Hey RR, I’m in need of a “Reality Check”…
I just found out my friend’s husband is having an affair. I don’t think she knows. What do I do?
Loyal Friend, Chicago
I am so sorry that you are in this situation. It’s very painful all around.
With that said, while loyalty is always important between friends, being the messenger of this kind of information does not make you a true loyalist. What it does is put you between a rock and a hard place morally. While vomiting the truth clears your conscience, it will cause horrible pain for your friend and likely cause the demise of your friendship.
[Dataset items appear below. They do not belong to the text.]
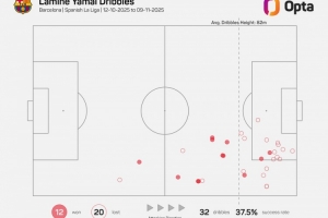 10月休赛期之后亚马尔尝试过人32次五大联赛最多,成功率37.5%
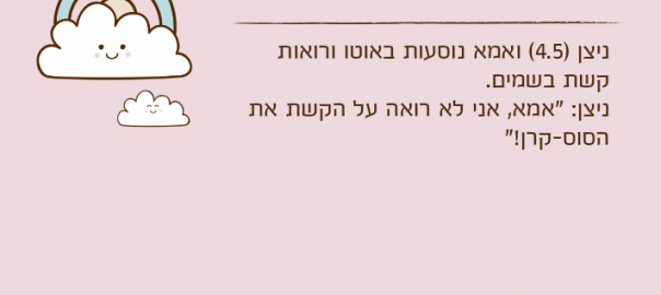 ניצן: "אמא, אני לא רואה על הקשת את הסוס-קרן!"
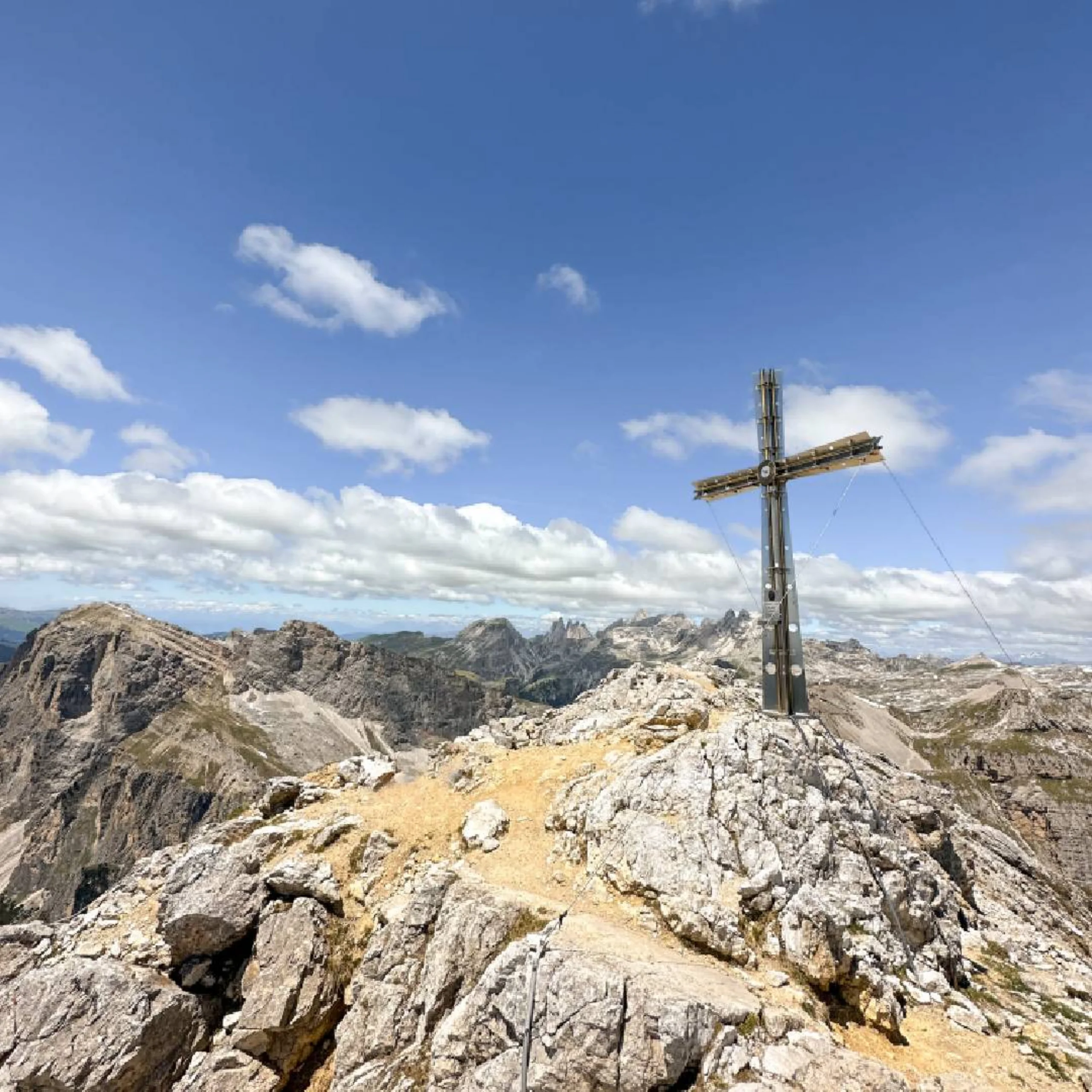 Una volta raggiunta la vetta, non vi aspetta solo un'elegante croce di vetta, ma anche un panorama mozzafiato: imponenti cime dolomitiche come il massiccio dell'Heiligkreuzkofel, il Sasso Lungo, il Sella, i Cir, il Gruppo Puez/Odle, il Geisler e molte altre svettano nel cielo. La discesa segue lo stesso percorso della salita.
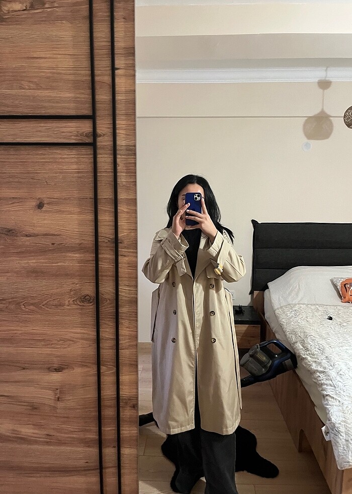1 kere giydim. s-m uygun. Kumaşı aşırı tok harika bir trenç fakat benim omuzlarım kastı oversize giydiğim için rahat edemedim. Alana hayırlı olsun. Tüm samimiyetimle söylüyorum asla pişman olmaz. kalitesi muhteşem
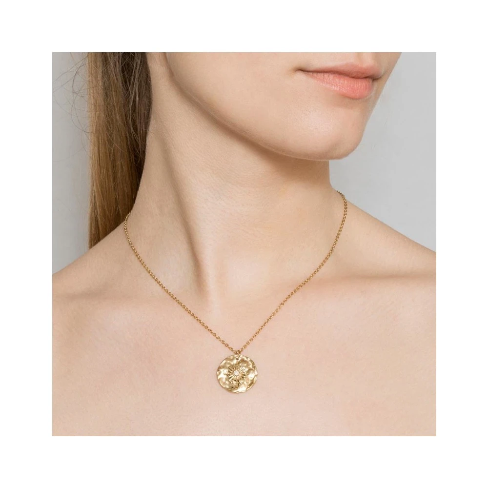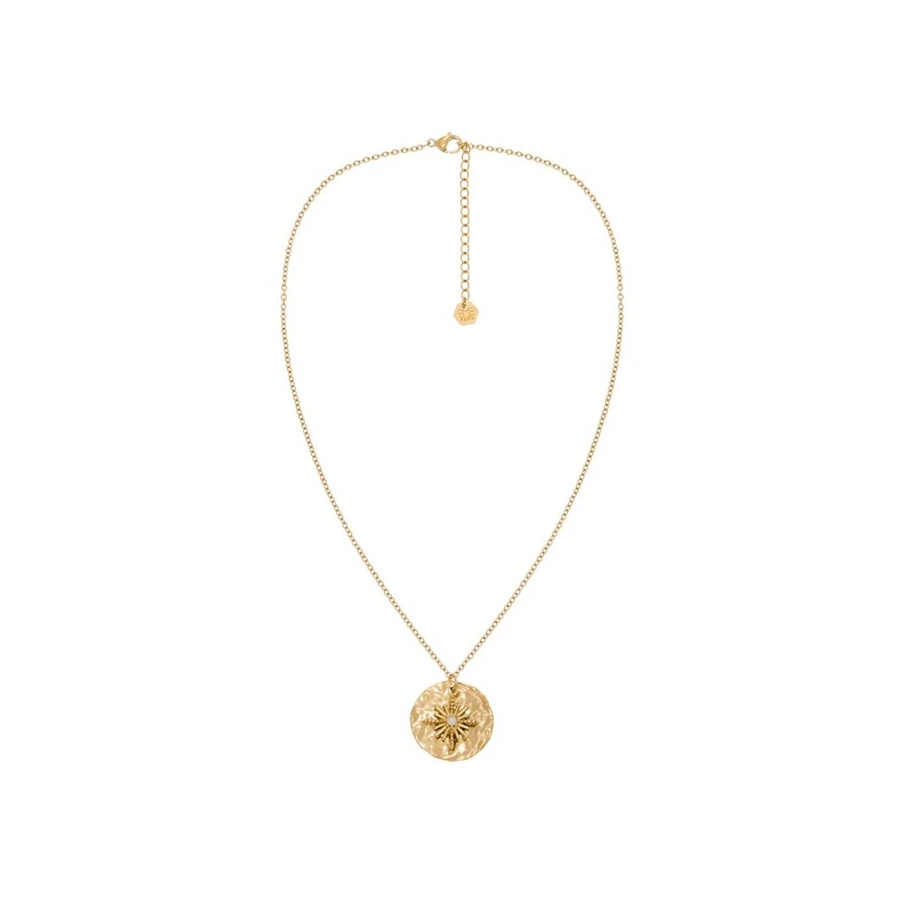 Ce collier en acier chirurgical trempé dans un bain doré de la collection Aglaé est signé EME Paris. Il est composé d’une médaille agrémentée d’une étoile.

A marriage is between two people, therefore a third party is not welcomed. Even though people always say that they would want to know, the reality is that over 90% of people stay in their marriages even after they find out about infidelity. Worse yet, they drop the friend who told them because of the embarrassment and humiliation of staying. Sometimes there are higher values at stake that you (an outsider in the marriage) don’t know about; as well as other needs being met and alternative priorities that she/he have discreetly chosen. Even if you go against better judgment by telling your friend, most likely she will defend “her” guy like a mama bear with her cubs.
Best advice- don’t get involved. Chances are that if he’s cheating, she already knows there are marital problems, and will most likely find out on her own in time. And when she does find out, if she chooses to share, that will be your opportunity to be a truly loyal friend. Hope this helps!